- Exercise
Exact copy, no pictures: set down every entry below as written.
Start of Block
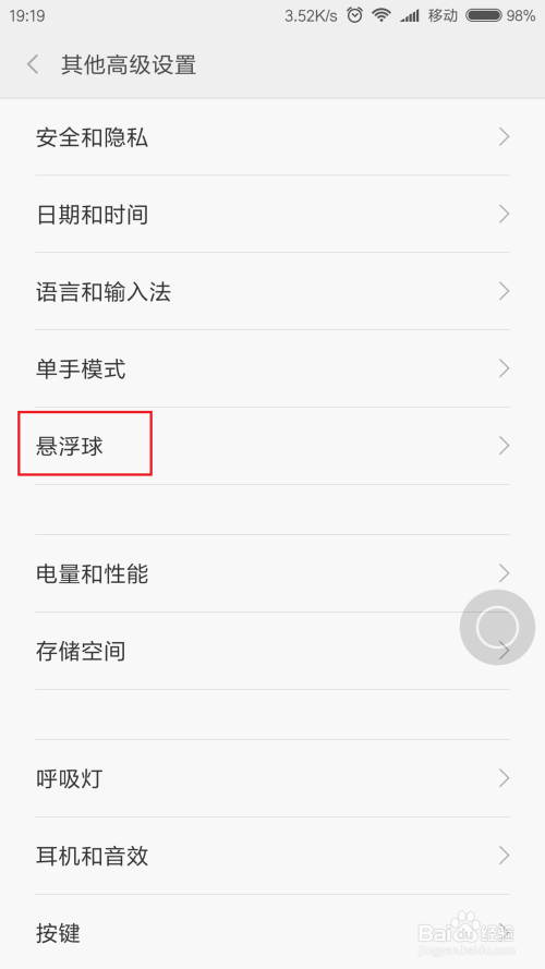 进入系统高级设置页面之后,我们可以看到“悬浮球”的设置选项,点击即可打开悬浮球设置页面。
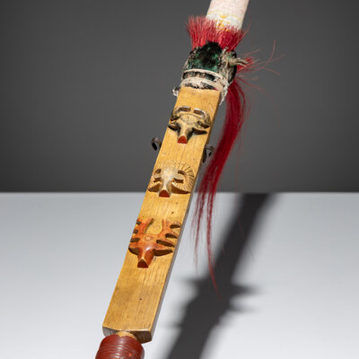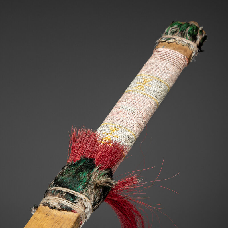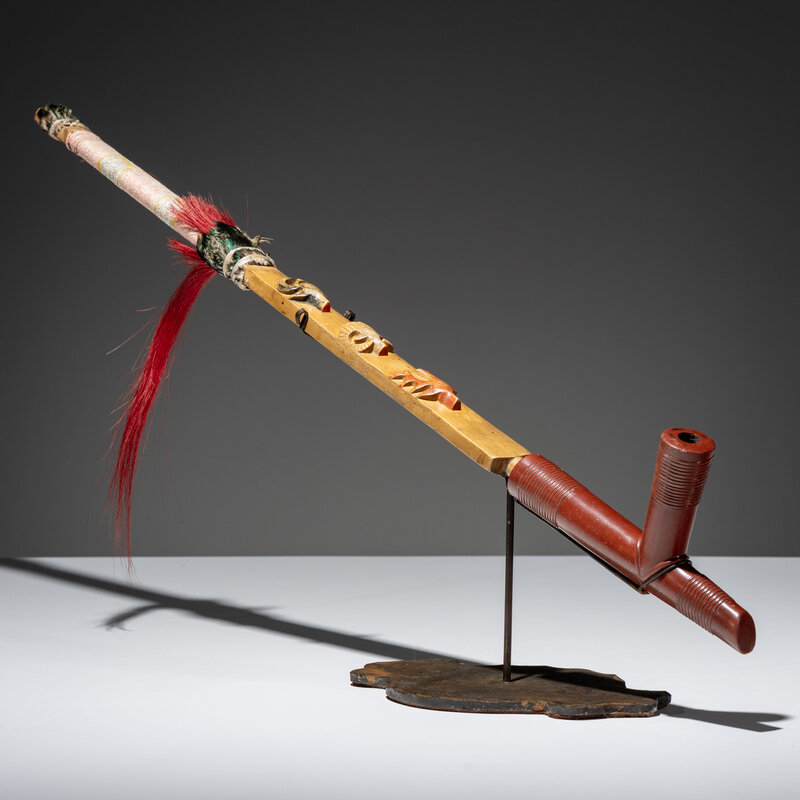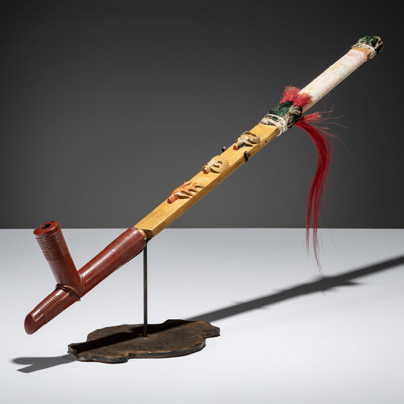 the stem features a buffalo, ram, and elk head carved in relief; further embellished with quilled wrapping; T-shaped catlinite bowl carved with concentric rings
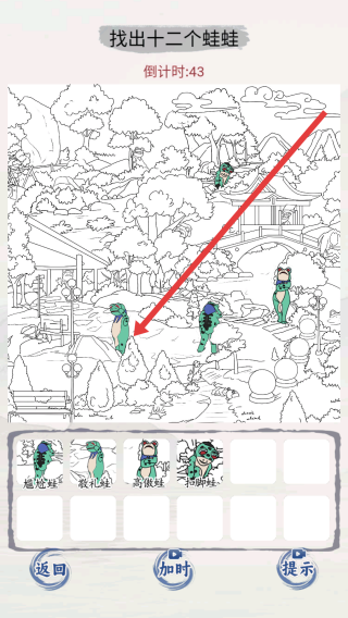 1、进入找出十二个娃娃关卡,先聚焦已标识区域,点击箭头指向的绿色恐龙装扮娃娃,开局优先锁定明确目标。
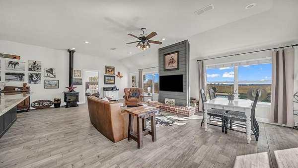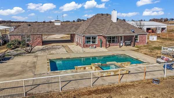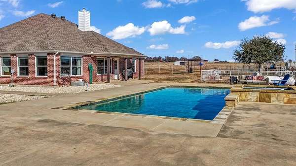 Enjoy peaceful country living in beautiful Era, Texas, with an easy commute to the DFW Metroplex. This charming one-story brick home sits in a serene setting overlooking a stunning pool and offers 3 bedrooms, 2.5 bathrooms, and an open floor plan filled with natural light. Easy-to-maintain wood-plank ceramic tile runs throughout the main living areas, while the spacious living room features a cozy wood-burning stove.
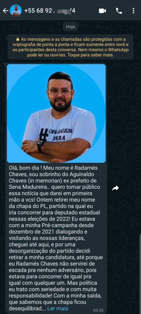 “Olá, bom dia ! Meu nome é Radamés Chaves, sou sobrinho do Aguinaldo Chaves (in memorian) ex prefeito de Sena Madureira.. quero tornar público essa notícia que darei em primeira mão a vcs! Ontem retirei meu nome da chapa do PL, partido na qual eu iria concorrer para deputado estadual nessas eleições de 2022!
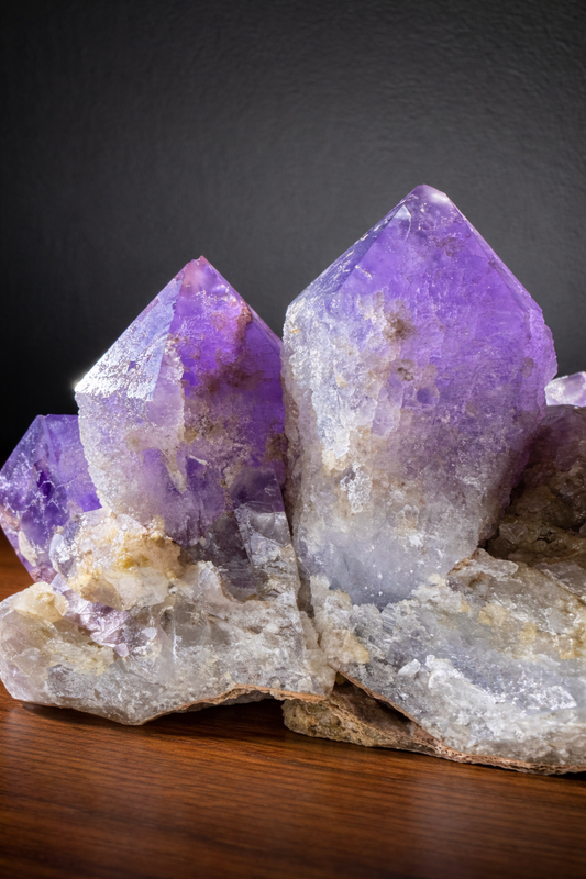 These amethyst druses are natural mineral formations with densely clustered crystal points and rich coloration. Carefully split to reveal their inner crystal structure, each piece is selected individually and differs in size, formation, and tone, making every druse a one-of-a-kind natural object.
End of Block
- Exercise response
 进入系统高级设置页面之后,我们可以看到“悬浮球”的设置选项,点击即可打开悬浮球设置页面。
 the stem features a buffalo, ram, and elk head carved in relief; further embellished with quilled wrapping; T-shaped catlinite bowl carved with concentric rings
 1、进入找出十二个娃娃关卡,先聚焦已标识区域,点击箭头指向的绿色恐龙装扮娃娃,开局优先锁定明确目标。
 Enjoy peaceful country living in beautiful Era, Texas, with an easy commute to the DFW Metroplex. This charming one-story brick home sits in a serene setting overlooking a stunning pool and offers 3 bedrooms, 2.5 bathrooms, and an open floor plan filled with natural light. Easy-to-maintain wood-plank ceramic tile runs throughout the main living areas, while the spacious living room features a cozy wood-burning stove.
 “Olá, bom dia ! Meu nome é Radamés Chaves, sou sobrinho do Aguinaldo Chaves (in memorian) ex prefeito de Sena Madureira.. quero tornar público essa notícia que darei em primeira mão a vcs! Ontem retirei meu nome da chapa do PL, partido na qual eu iria concorrer para deputado estadual nessas eleições de 2022!
 These amethyst druses are natural mineral formations with densely clustered crystal points and rich coloration. Carefully split to reveal their inner crystal structure, each piece is selected individually and differs in size, formation, and tone, making every druse a one-of-a-kind natural object.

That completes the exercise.